The band consists of Mike Baggetta, Stephen Hodges and Mike Watt. Three truly outstanding musicians. When Mike Watt played RMH for the first time – back in 2015 with CUZ – he expressed: “I think I’m gonna make ramsgate a regular tour stop for me, yes!”. And here we are!

“…vintage twang in service of Americana-meets exploratory Jazz-psych…”Rolling Stone


The band, composed of guitarist Mike Baggetta, Stephen Hodges on drums and Mike Watt on bass, creates music that is a heretofore unimagined hybrid of a punk power-trio and a dreamy experimental rock band, though they prefer the term ‘post-genre’.

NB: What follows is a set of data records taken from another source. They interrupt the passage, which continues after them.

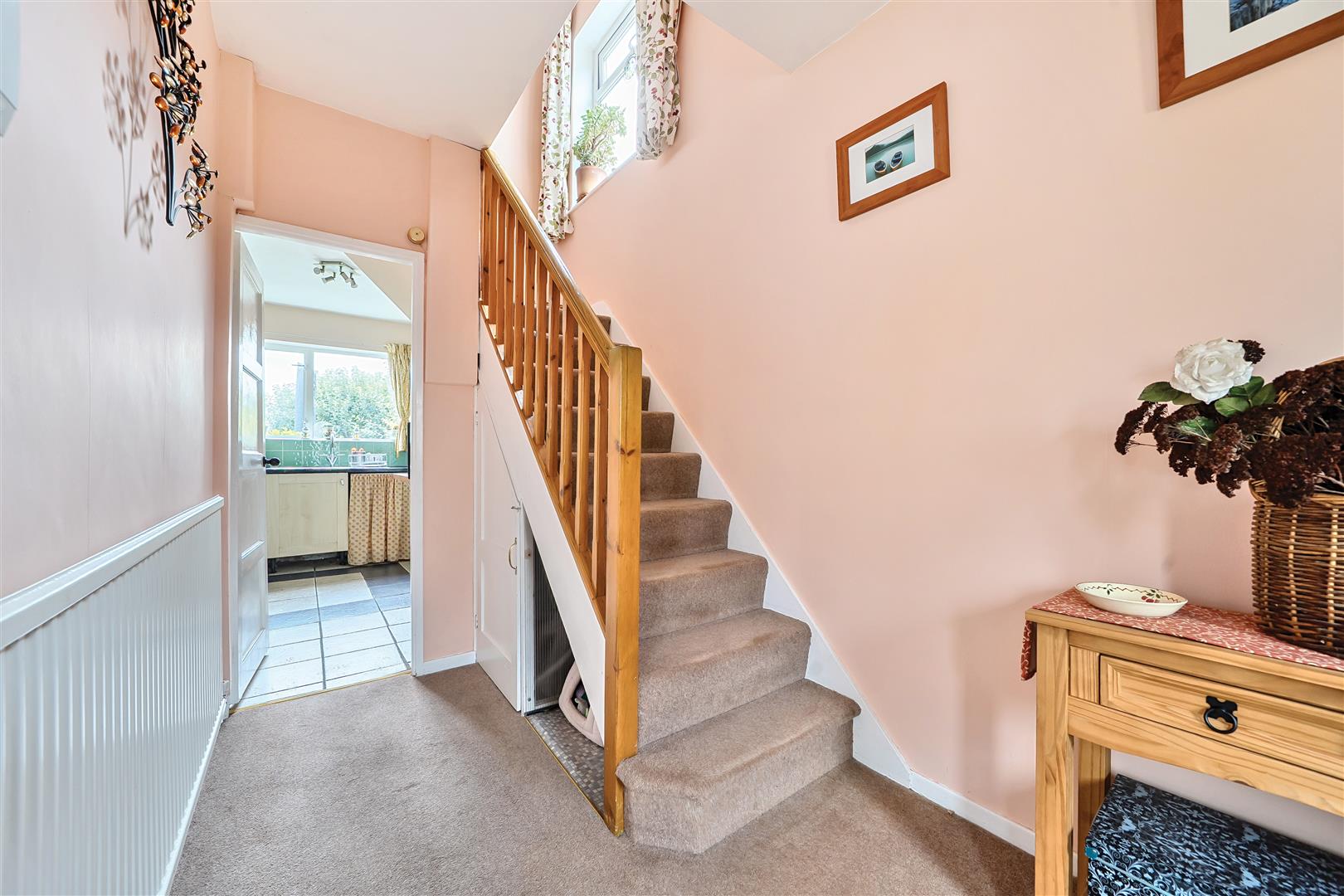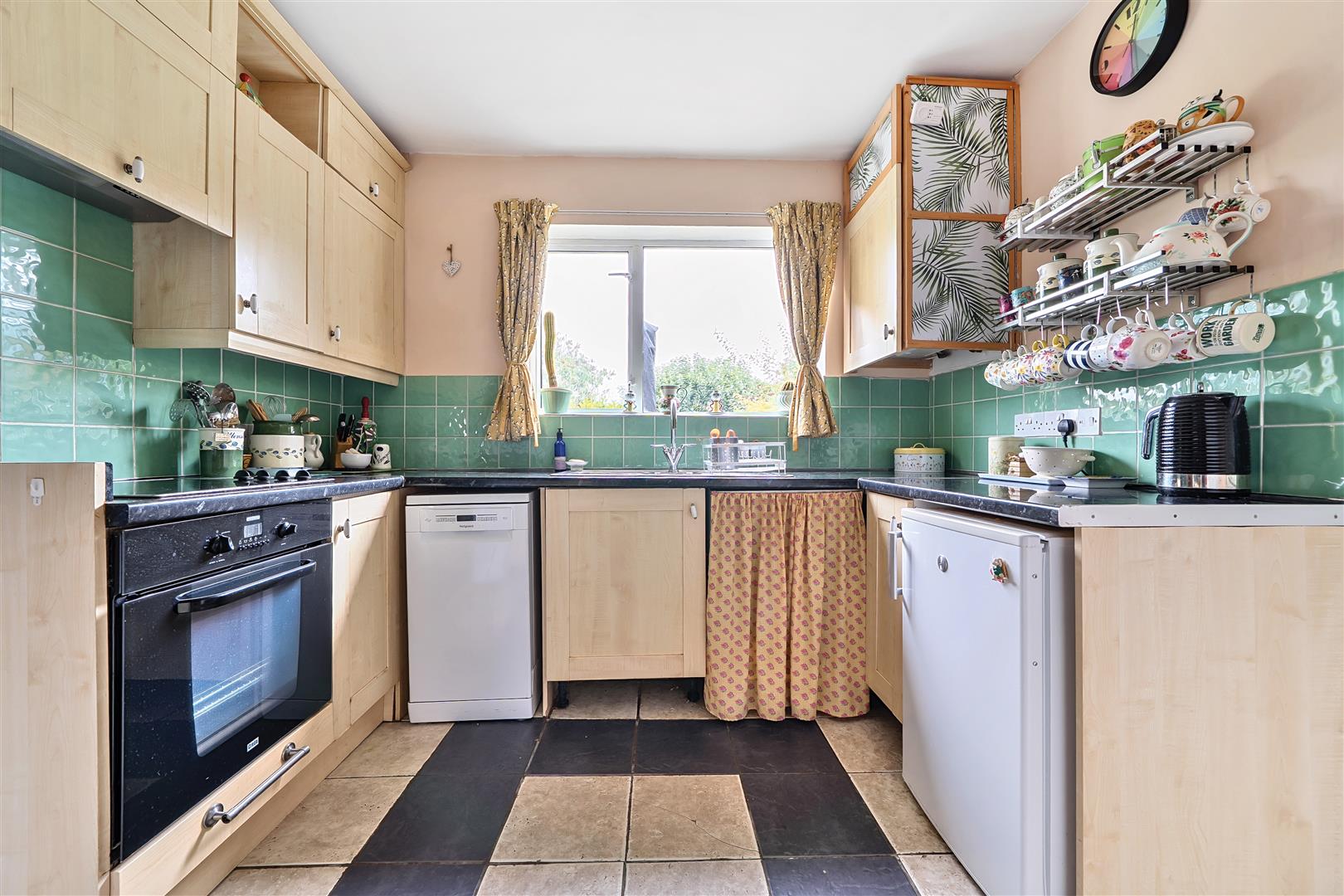 At the end of the entrance hall is the kitchen benefitting a large window flooding the space with natural light and views out onto the greenery beyond. The kitchen itself profits plenty of storage cupboards and workspace perfect for meal prep.
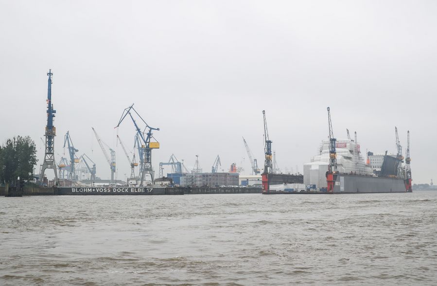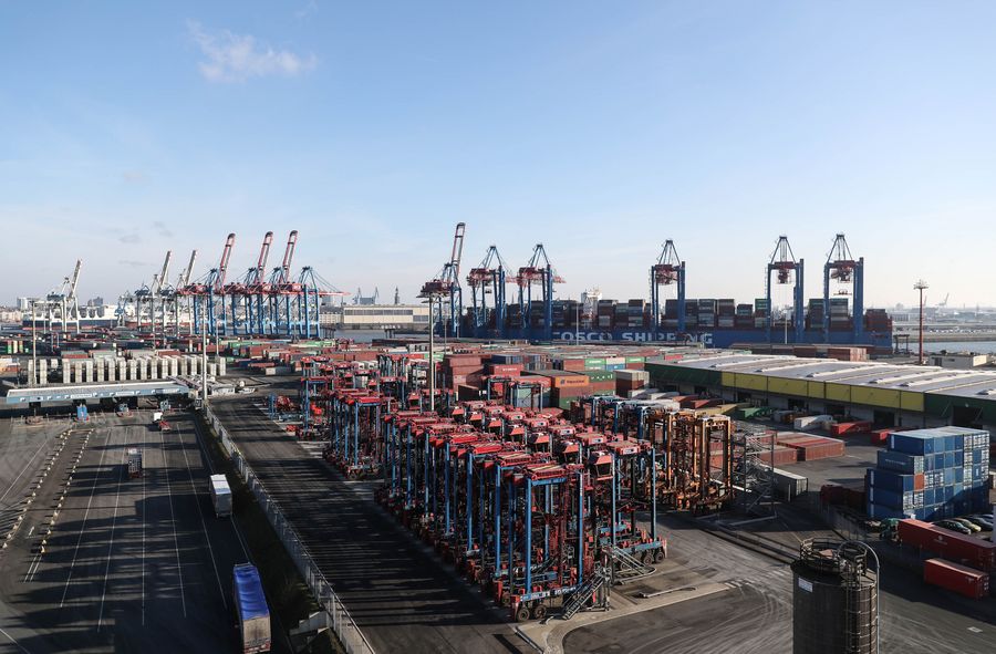 Photo taken on May 21, 2019 shows a view of the port area of Hamburg, Germany. (Xinhua/Shan Yuqi)
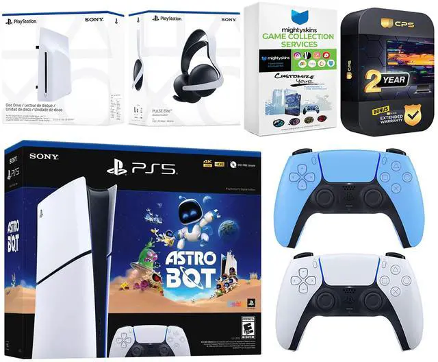 INCLUDED: Sony PlayStation 5 Digital, 2x Controllers, Astro Bot download code, Disc Drive Attachment, Pulse Elite Wireless Headset (White), HDMI cable, AC power cord, MightySkins Game Collection Services and 2 Year CPS Extended Warranty
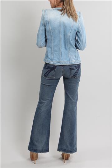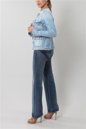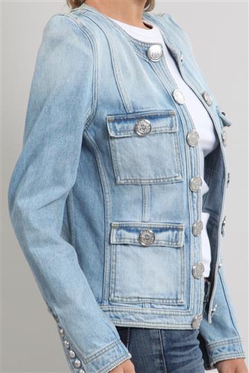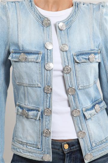 - Fechamentos frontal por abotoamento com botões metálicos ornamentados
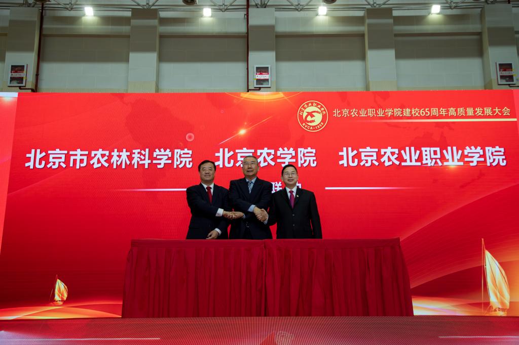 beat365官方网站党委书记周志成主持纪念大会,学校党委副书记、校长范双喜作学校高质量发展主旨报告。会上,beat365官方网站分别与北京市房山区人民政府、北京市园林绿化局、北京科技大学、北京市农林科学院、北京农学院签署合作协议。
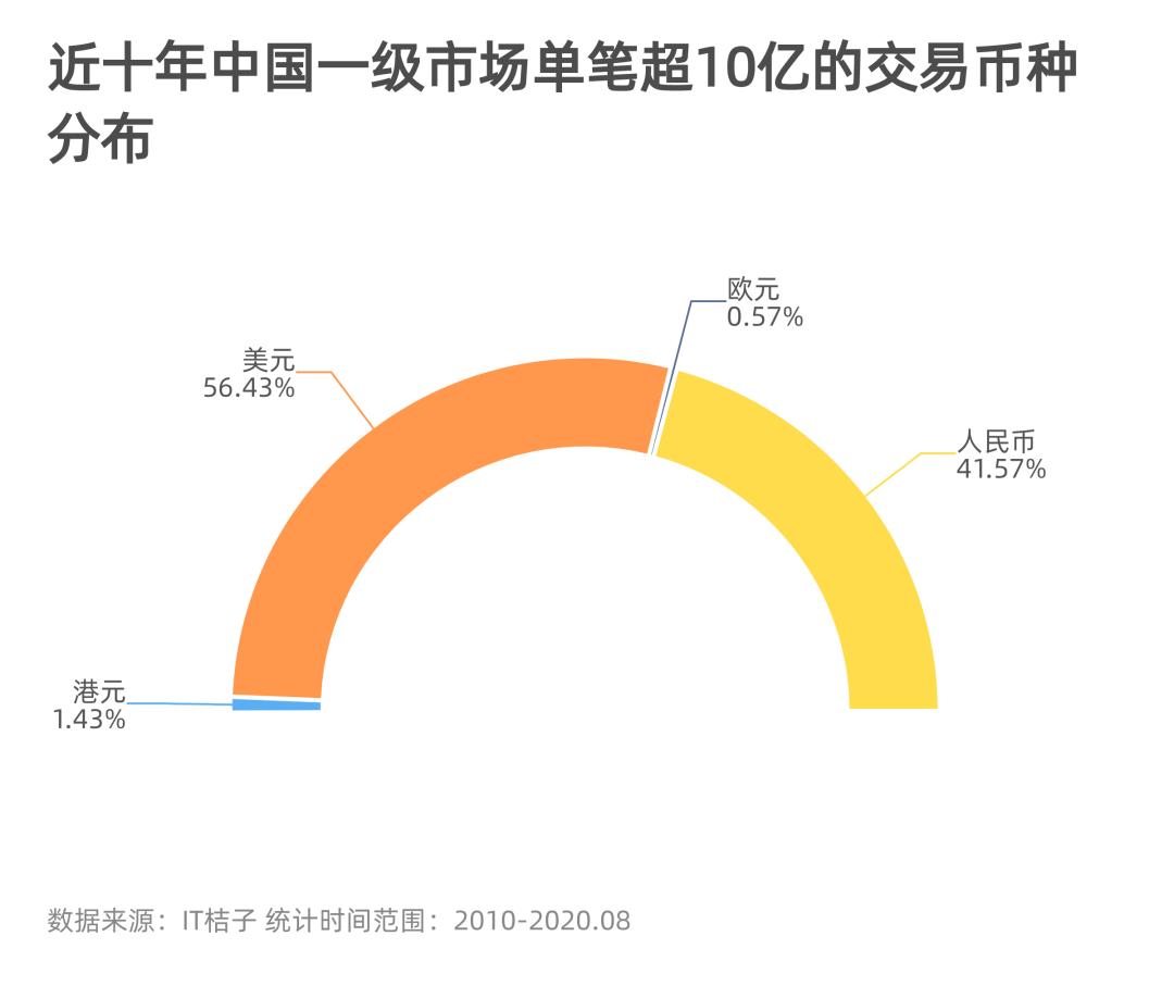 从币种分布来看,超 10 亿元的大案子中,美元和人民币交易各战半壁江山,占比分别达到 56.4% 和 41.6%,美元交易略多一些。根据观察,生物制药与技术企业、新车制造、无人驾驶类企业更多选择了美元交易——这与其前期投入极大、需要资本更多耐心或者考虑境外上市成功可能性更高有一定关系。
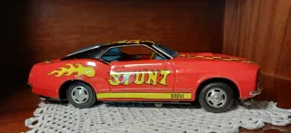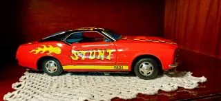Auto giocattolo vintage Ford Mustang Mach 1 con grafica STUNT e fiamme. - Modello da collezione. - Design sportivo. - Colore rosso vivace Made in Japan
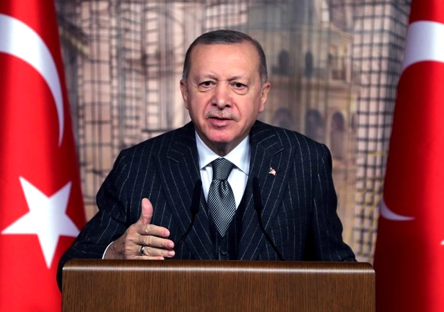 Erdoğan, kabulde bir konuşma yapmak üzere kameralar karşısına geçti.
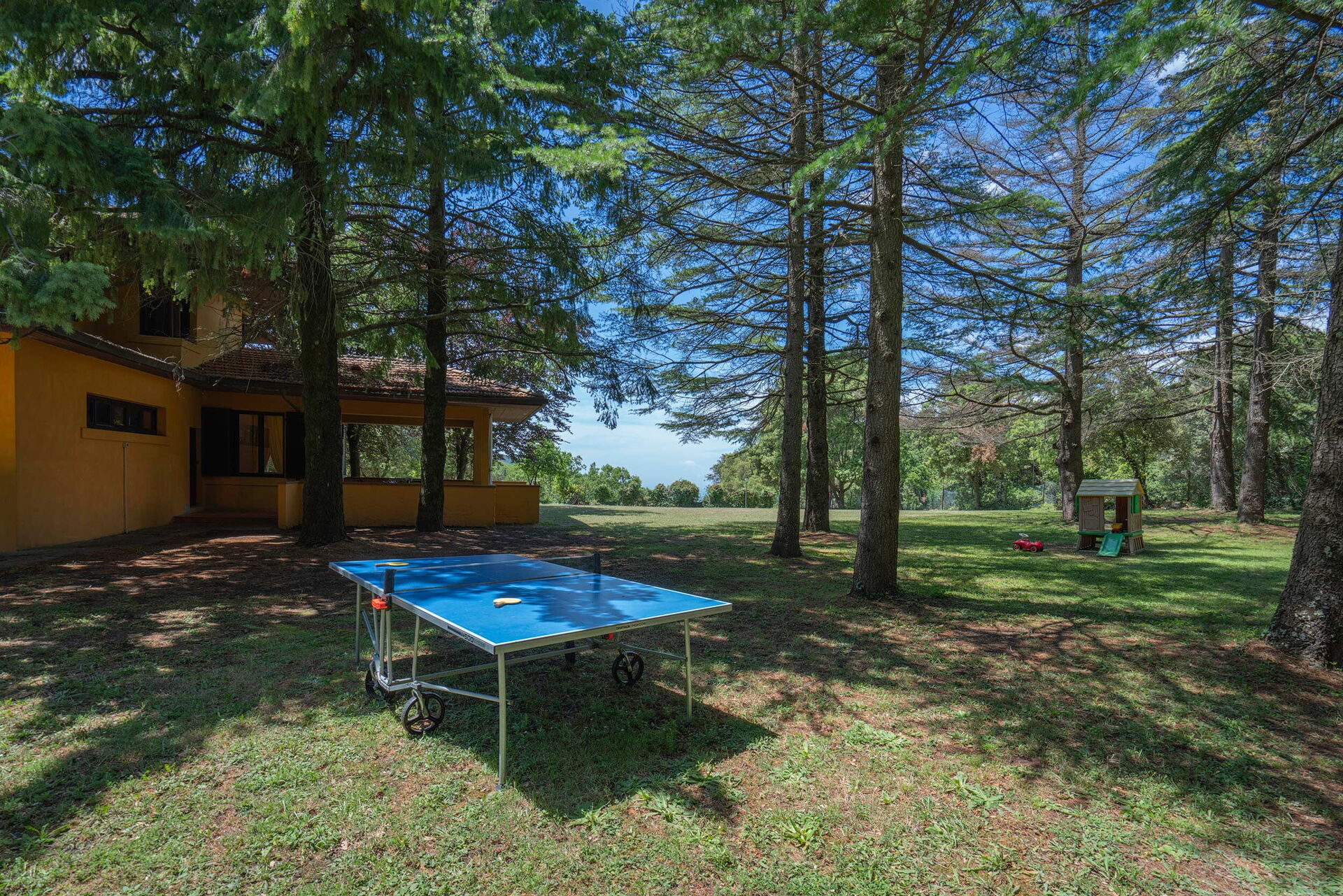 Gli esterni sono caratterizzati da un ampio giardino dove troverete la piscina (110mq - 16x7) ad uso esclusivo degli ospiti, recintata e dotata di sdraio e doccia esterna. Per gli ospiti più giovani troverete lo spazio giochi con: altalena, scivolo, casetta, tavolo giochi componibile. Inoltre sono a disposizione ping-pong, calcio balilla, rete da pallavolo e attrezzatura fitness.

Their latest full-length album ‘Human Reaction’ finds the oddly memorable hooks of their noir-tinged adventure music with a lot more vocals from the Main Steam Stop Valve leader Baggetta, adding more personality than ever before, alongside his bandmates, Hodges and watt, who also share in the vocal duties throughout the album.

Baggetta has had the pleasure to work all over the world with a wide range of visionary musicians across many generations including David Torn, Jim Keltner, Nels Cline, Psychic Temple, Jeff Coffin, Henry Kaiser, Petra Haden, Rev. Fred Lane, Darcy James Argue’s Secret Society, Joseph C. Philips’ Numinous with Imani Uzuri, Viktor Krauss, Jerome Harris, David Wax Museum, Jon Irabagon, Eivind Opsvik and Ruth Brown among many others.

Even though Baggetta wrote all the songs specifically for these bandmates to play, there’s no telling which way the band will turn at any given moment, a proposition that becomes a promise when they break down and reassemble these songs live, with an instinct for restraint and an openness to anarchy.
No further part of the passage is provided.